Назвать это средство я прямо не могу, скажу только, что оно состояло из совершенно необычайно горячих припарок с солью и через три недели рана зажила, лошадь выздоровела и я на ней ездил еще в течение двух лет, а продал ее в Константинополе только из-за трудности содержания.
Жизнь с отрядом внезапно порвалась.
В начале мая 1878 года меня вызвали в Сан-Стефано в штаб главнокомандующего, где высочайшим приказом 22 мая 1976 года я был назначен штаб-офицером над вожатыми с переводом в Генеральный штаб капитаном. Только в Сан-Стефано, впервые за время войны, мне удалось свидеться с родным полком.
Полк стоял биваком при деревне Нифес и, как и все прочие полки, переживал тяжелую эпидемию сыпного тифа. Число больных доходило до 1500–1800 человек на каждый полк. Болело и много офицеров. Эпидемия прекратилась лишь когда просохли все болота бывших рисовых полей и наступило жаркое лето.
Итоги вспышки выразились в том, что в ближайшем к Константинополю районе и далее к югу до городов Родосто и Силиври, на берегу Мраморного моря, мы оставили 37 кладбищ.

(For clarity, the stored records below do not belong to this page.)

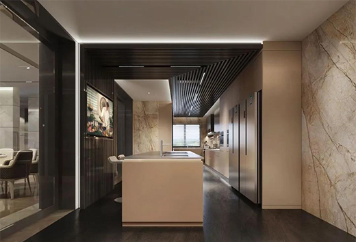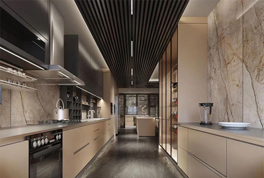 舒適的廚房環(huán)境,能讓人心情愉悅??ɡ麃営煤唵蔚木€條勾勒出空間的美感和質(zhì)感,匠心的工藝和智能的科技,搭配上人性化的設(shè)計,讓整個空間溫馨又舒適。
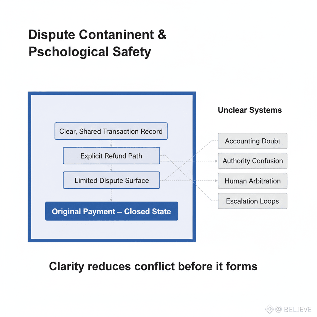 Another aspect worth noting is how this affects dispute handling. In many systems, disputes escalate because no one is certain what the system will do next. Was the payment final? Can it be contested? Who has authority? The lack of clarity pushes humans into the loop, where emotion and delay take over.
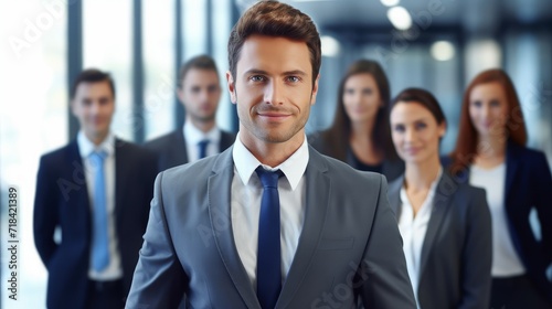 A charismatic business leader standing ahead of his cheerful team in a corporate office environment AI generated
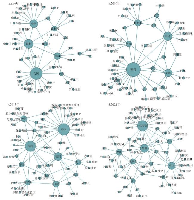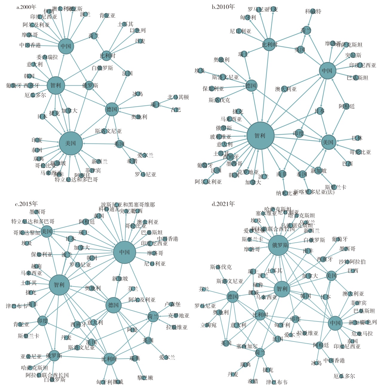 表1 全球锂资源贸易网络中心性测度结果Tab.1 Centrality indicators in the global lithium resource trade network |
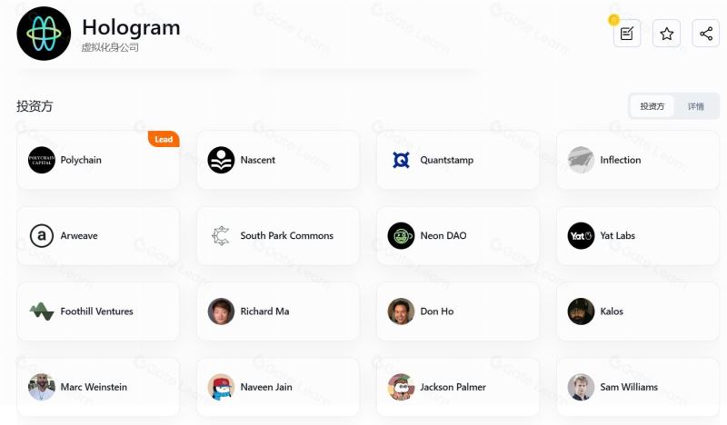 2022 年 7 月,Hologram 完成了由 Polychain 领投的 650 万美元种子轮融资,Nascent、Arweave、Inflection、Quantstamp、Neon DAO、Foothill Ventures、Yat Labs、South Park Commons 等机构,以及 Marc Weinstein(Mechanism Capital 合伙人)、Sam Williams(Arweave 创始人)、Kalos( Parallel 联合创始人)、Richard Ma(Quantstamp CEO)、Mike Shinoda(Linkin Park 成员)等天使投资人参投。
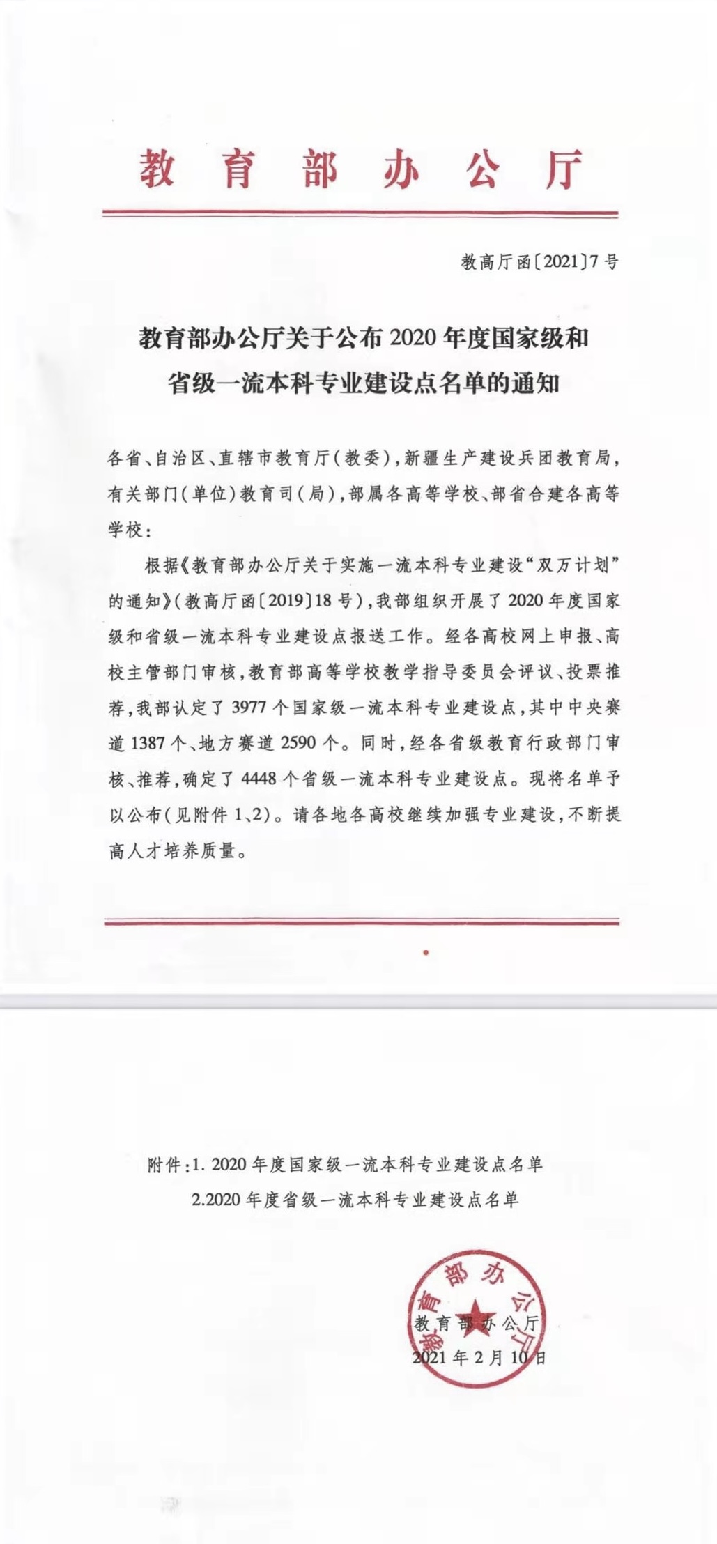 近日,教育部办公厅公布了2020年度国家级和省级一流本科专业建设点名单,根据《教育部办公厅关于公布2020年度国家级和省级一流本科专业建设点名单的通知》(高教厅函〔2021〕7号),公司化学工程与工艺专业作为公司2020年5个新入选专业之一新获批国家级一流本科专业建设点,标志着公司一流本科专业建设取得了阶段性重要成果。

Несколько лет спустя, в девяностых годах, в Сан-Стефано была сооружена часовня, в фундамент которой были замурованы все кости погребенных на этих кладбищах.
Во второй половине января 1878 года наши главные силы двинулись двумя группами: одна, под личным предводительством главнокомандующего великого князя Николая Николаевича, – на Константинополь, другая, под командой генерал-адъютанта Гурко, – на Галлиполи.
Обе группы в начале февраля были остановлены: первая в 18 верстах от Константинополя, вторая в 30 верстах от Галлиполи.
Понимая все значение взятия Галлиполи – ключа Дарданелл, генерал-адъютант Гурко шел без остановки, несмотря на утомление войск, дважды скрыл полученное приказание остановиться и только по третьему категорическому приказу остановил свои войска в 30 верстах от Галлиполи.
Последовало перемирие, и 18 февраля между нами и Турцией был подписан Сан-Стефанский мирный договор, но его условия, по настоянию великих держав, были вынесены на рассмотрение международного конгресса в Берлине.
Армия, победоносно преодолевшая среди суровой зимы твердыни Балкан, уничтожившая армию Сулеймана-паши, взявшая в плен армии Османа-паши и Бесселя-паши и уже подходившая к заветной цели русского народа – взятию Царьграда и водворению вновь святого Креста на куполе Святой Софии, была неожиданно остановлена под стенами Константинополя и вынуждена ожидать решения Берлинского конгресса.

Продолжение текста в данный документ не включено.